I’ll jump directly into the behaviour I’m observing, please look below for context (under other header). Direct questions can be found in bold.
I have a function that computes the determinant as a part of it
function diag_penalty(m) if isnzero(abs(det(m))) return 10 end return 0 end
when I run my program using this function, the execution takes around 1 minute and 18 seconds (±2s) as measured by a progress bar from
ProgressMeter (this function is called 2805 times during that execution).
Taking a look at
htop during the execution I notice that the program uses all CPU threads. I take a look at
Threads.nthreads() which shows
1 so: How is
det() using all available threads and how can I disable it?
I verify that it is
det() causing this behaviour by switching the relevant line so that the function is instead
function diag_penalty(m) if any(isnzero.(eigvals(m))) return 10 end return 0 end
My program then finishes in 20 seconds (±1s) measured in the same way as before, and looking at
htop the execution happens on one thread.

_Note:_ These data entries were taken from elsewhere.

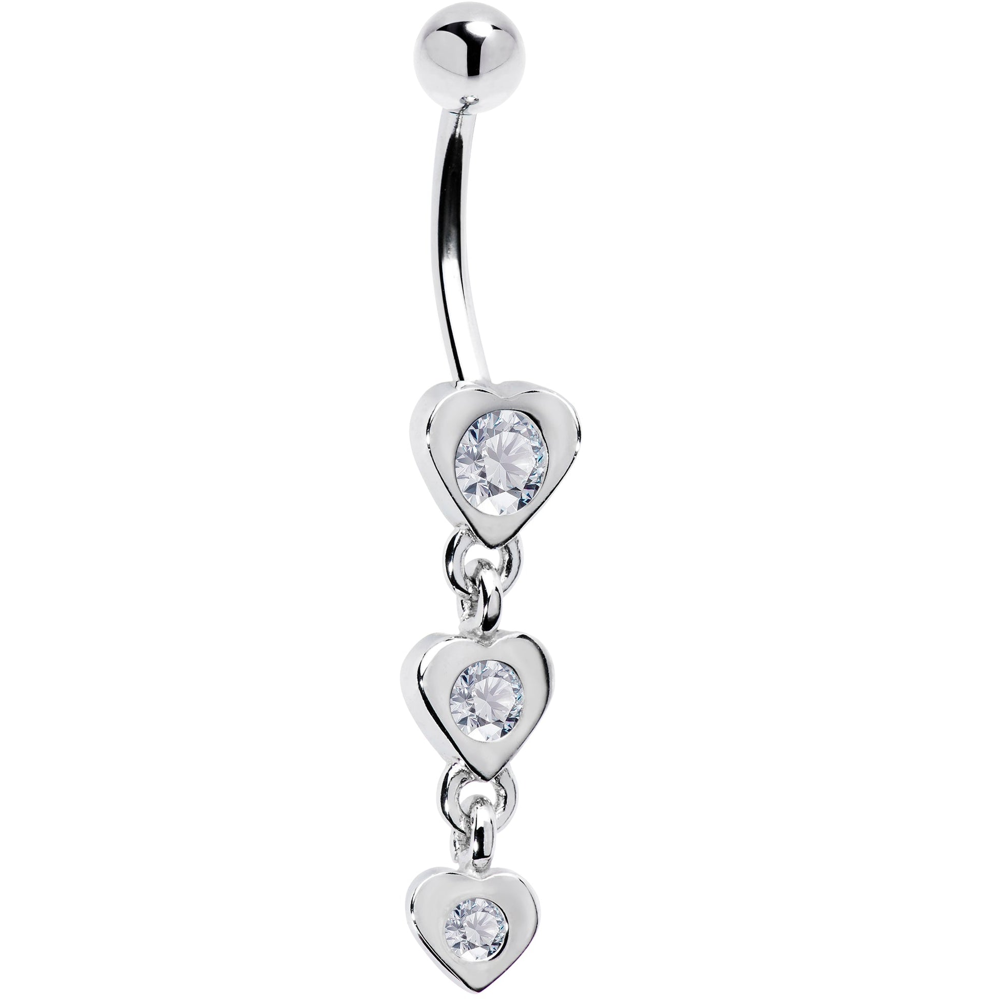 A remarkable solid gold heart belly ring with brilliant shine. Sparkling cubic zirconia belly ring. High polish 14 karat gold Body Jewelry.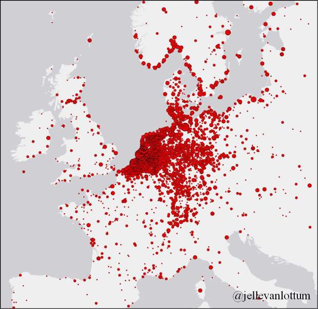 Карта, показывающая район вербовки Голландской Ост-Индской компании в XVIII веке (Источник: Джелле ван Лоттум, профессор истории трудовой миграции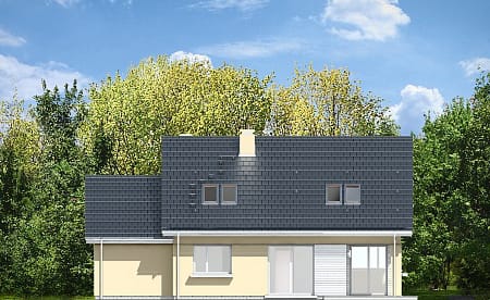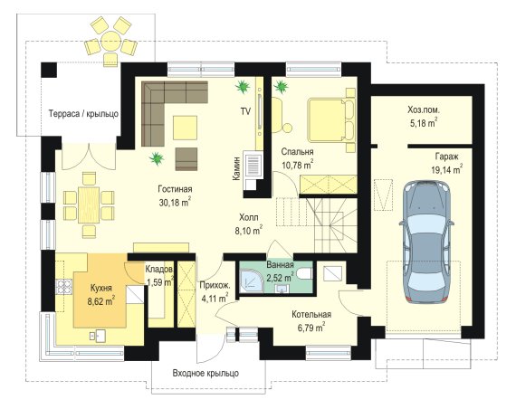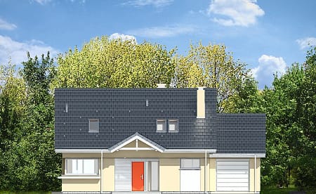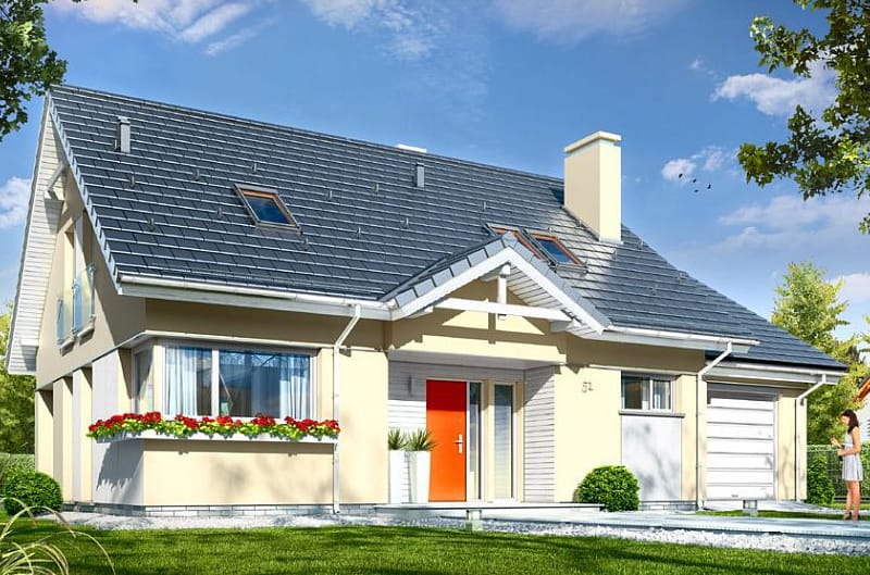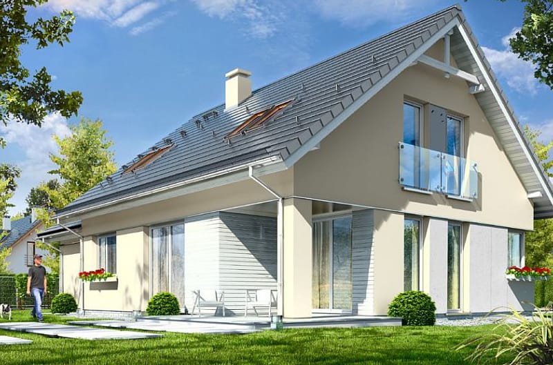 Проект двухэтажного пятикомнатного каркасного жилого дома 9,72 м х 14,49 м в современном стиле общей площадью 189 кв.м с мансардным этажом, с гаражом для одного автомобиля, с террасой, c четырьмя спальнями, с двумя санузлами, с камином.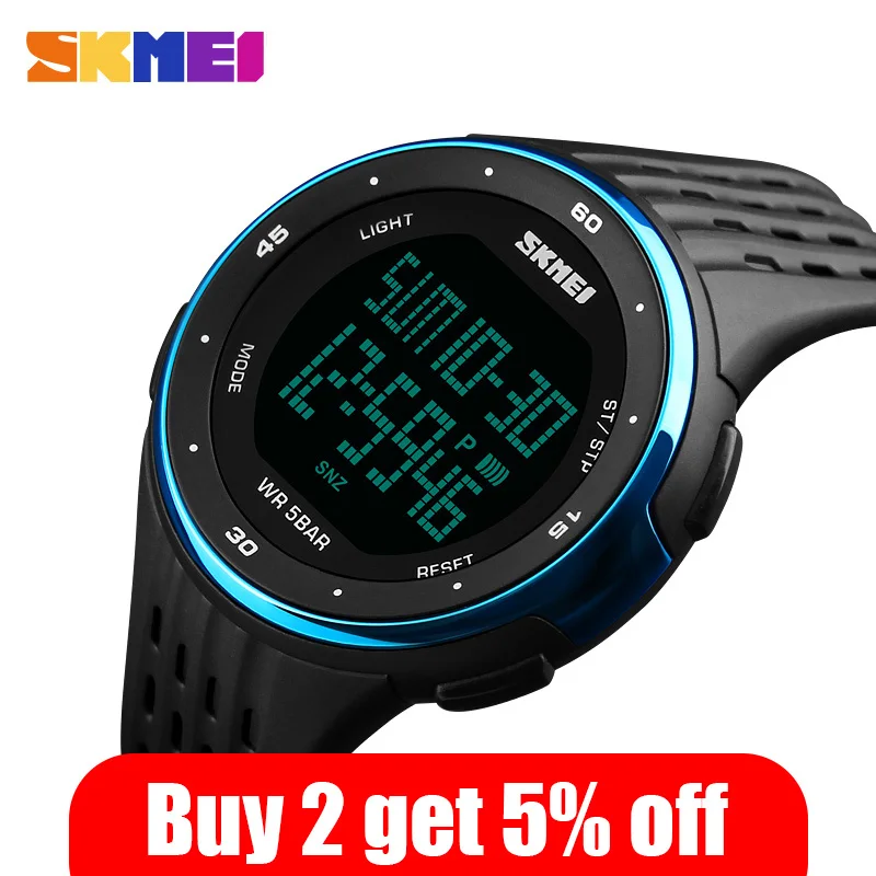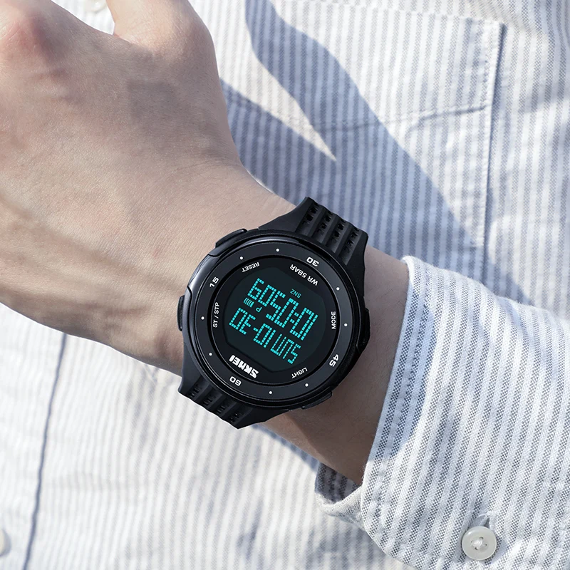 Часы наручные SKMEI мужские с большим циферблатом, спортивные цифровые со светодиодный дисплеем, хронографом, календарем и будильником, с подсветкой, 1219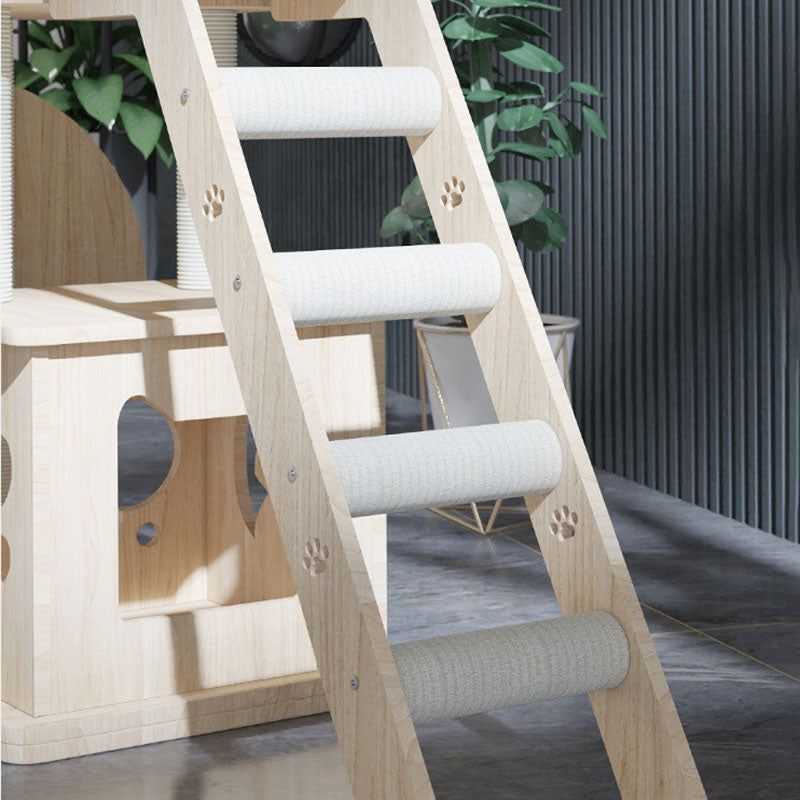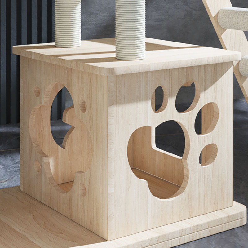 Contemporary Creative Rectangular Solid Pine Wood Acrylic Kraft Paper Rope Multi-Functional Cat Tree Multi-Level For Living Room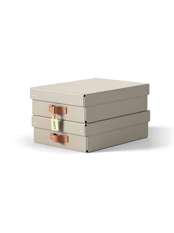 Leitz Puro opbevaringsboks med låg, medium, lav, 8 L, 100 % recirkuleret karton, pakke med 2 stk, beige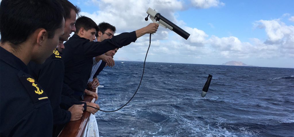 Las actividades científicas a realizar a bordo, consisten en primer lugar en la obtención de perfiles de temperatura mediante lanzamiento de sondas desechables de temperatura (XBTs) a lo largo de la derrota del buque, que incluye un transecto que cruza el océano Atlántico desde Cádiz al continente americano, atravesando el Ecuador, tal y como ha explicado el catedrático Miguel Bruno. Con los datos obtenidos de perfiles en la columna de agua es posible construir secciones verticales de temperatura. Como objetivo científico se podría plantear la comparación de la variabilidad de la distribución de temperaturas en esas secciones entre las dos travesías realizadas en los cruceros previstos. También se podrían utilizar los datos obtenidos para la validación de los modelos oceánicos disponibles (NCOM, HYCOM, MYOCEAN), comparando los perfiles obtenidos con los simulados por los modelos. Además, estos perfiles de temperatura se integrarán en bases de datos oceanográficos existentes.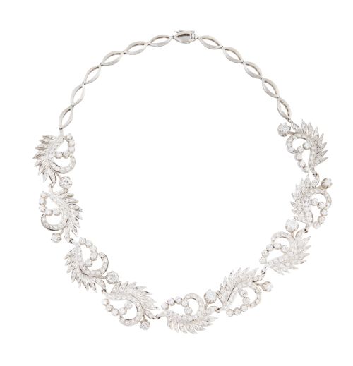 432. Collar años 50 con nueve centros de cintas onduladas decoradas con hojitas de brillantes, y brillantes en garras de mayor tamaño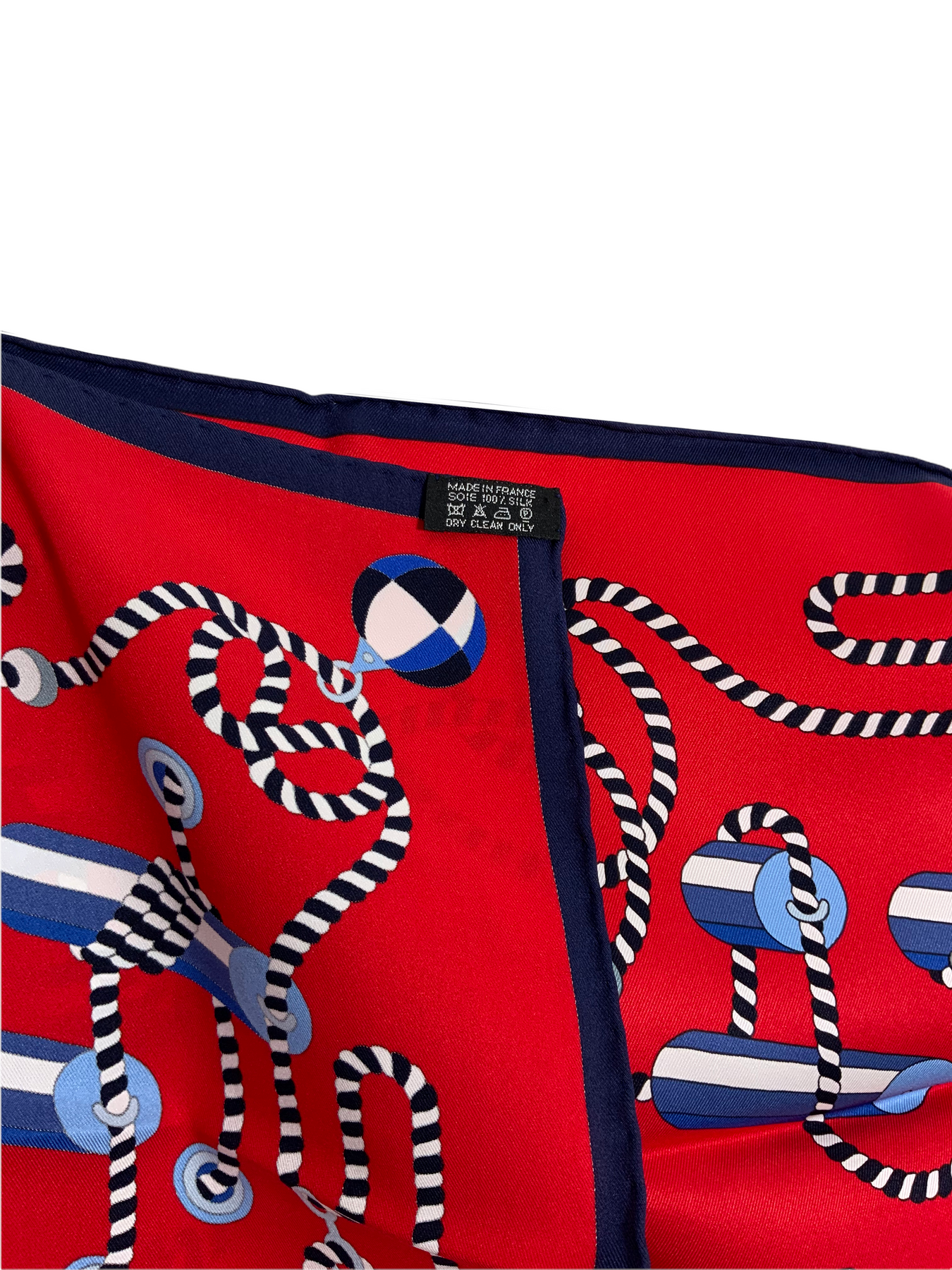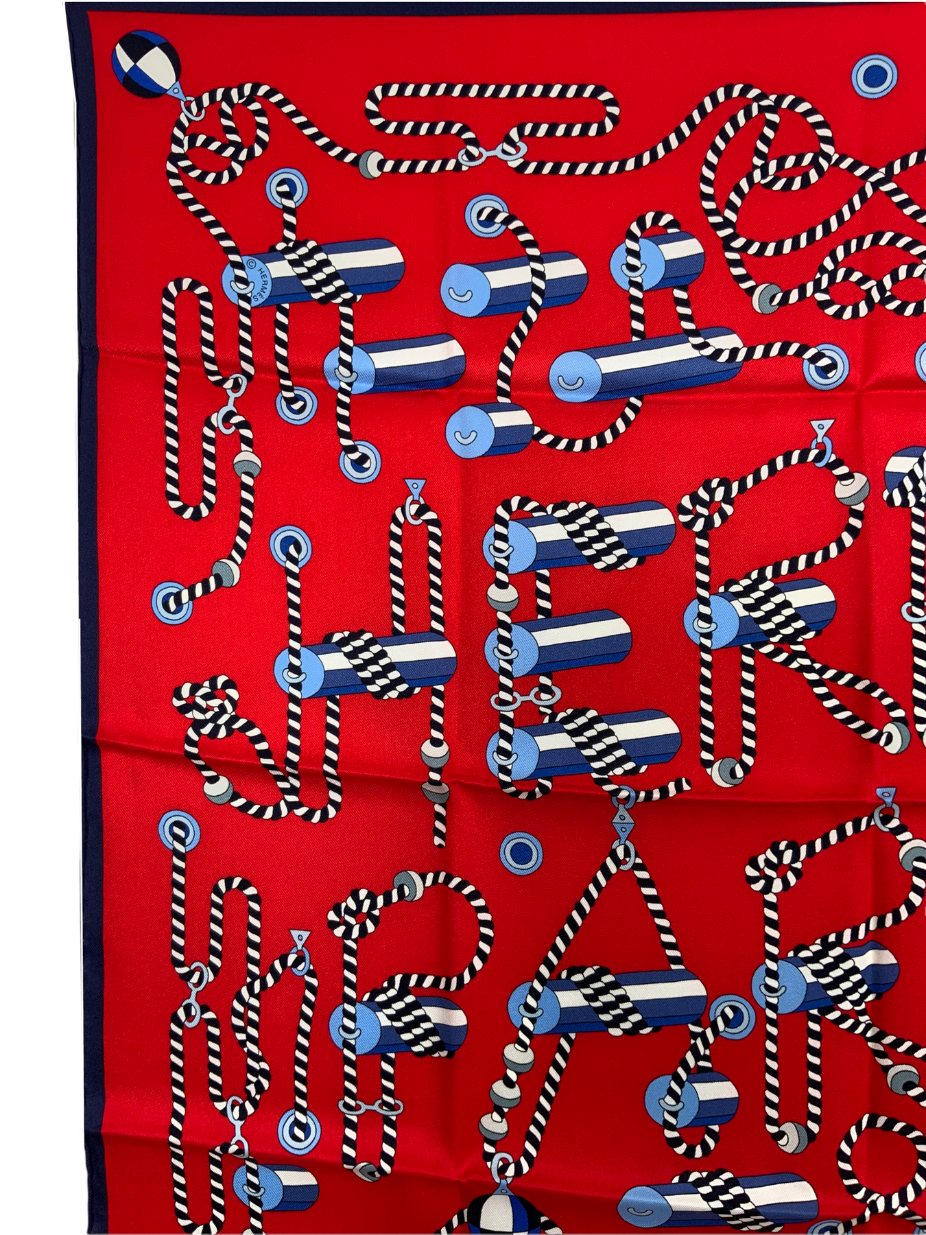 We the ity of this chic Hermes Silk Cordages Scarf 70 designed by Pierre Marie and first designed in 1970 and reissued in 2013. It features aquatic ropes and cords on a stunning bright red silk background and navy blue hand rolled edges.

It seems odd that the eigenvalue calculation is faster than the determinant calculation, especially since the determinant appears parallelized. How can a calculation using
det() be slower than
My suspicion that this is indeed strange is verified by in a Jupyter notebook comparing the two:
using LinearAlgebra mats = [ rand(22,22) for _ in 1:200000 ] @time for m in mats det(m) end @time for m in mats eigvals(m) end 9.433334 seconds (1.20 M allocations: 836.174 MiB, 1.39% gc time) 17.810404 seconds (3.20 M allocations: 7.546 GiB, 1.40% gc time)
So the determinant is indeed faster here, but not in my program. I verify with
htop that the
det() part is computed on all available threads. What can I be doing wrong in my program that makes a computation that was basically twice as fast become much more than four times as slow?
I’m not completely sure what parts of my whole program is relevant, and I have not yet worked out a minimal example. But I will sketch the structure here for context. Questions and suggestions are welcomed to try and pinpoint the issue.
I’m designing a fitness function to be used in with BlackBoxOptim. The fitness function is divided into what I have been calling “penalties”, and the above
diag_penalty() is one of many. The structure is of the fitness function is basically:
function calc_fit(x, parameters; kwargs) m = prep(x) # prepare input weights, ... = parameters # weights and other parameters handed over to calc_fit() penalties =  # compute and store all penalties push!(penalties, diag_penalty(m)) push!(penalties, diff_penalty(m)) ... return penalties # fitness generally weighted sum of penalties, # but one of the kwargs used by aforementioned # program returns the penalties instead end
The program mentioned above does not use BlackBoxOptim, but just reads in a bunch of inputs to the fitness function from file and evaluates the fitness function on all of them (17745 different inputs). The inputs are the same every time, so
diag_penalty() is called an equal amount of times in both tests. For the purpose of this post, I also evaluated the fitness function on all inputs before executing the rest of the program to make sure that it is not an issue of Julia having to compile
det() that takes out all that time somehow.
The matrices are such that the
if in the
diag_penalty() are triggered equally at each test, hence whatever the program does afterwards is independent of which version of
diag_penalty() I’m using.
Edit: fixed the number of inputs the test is run on.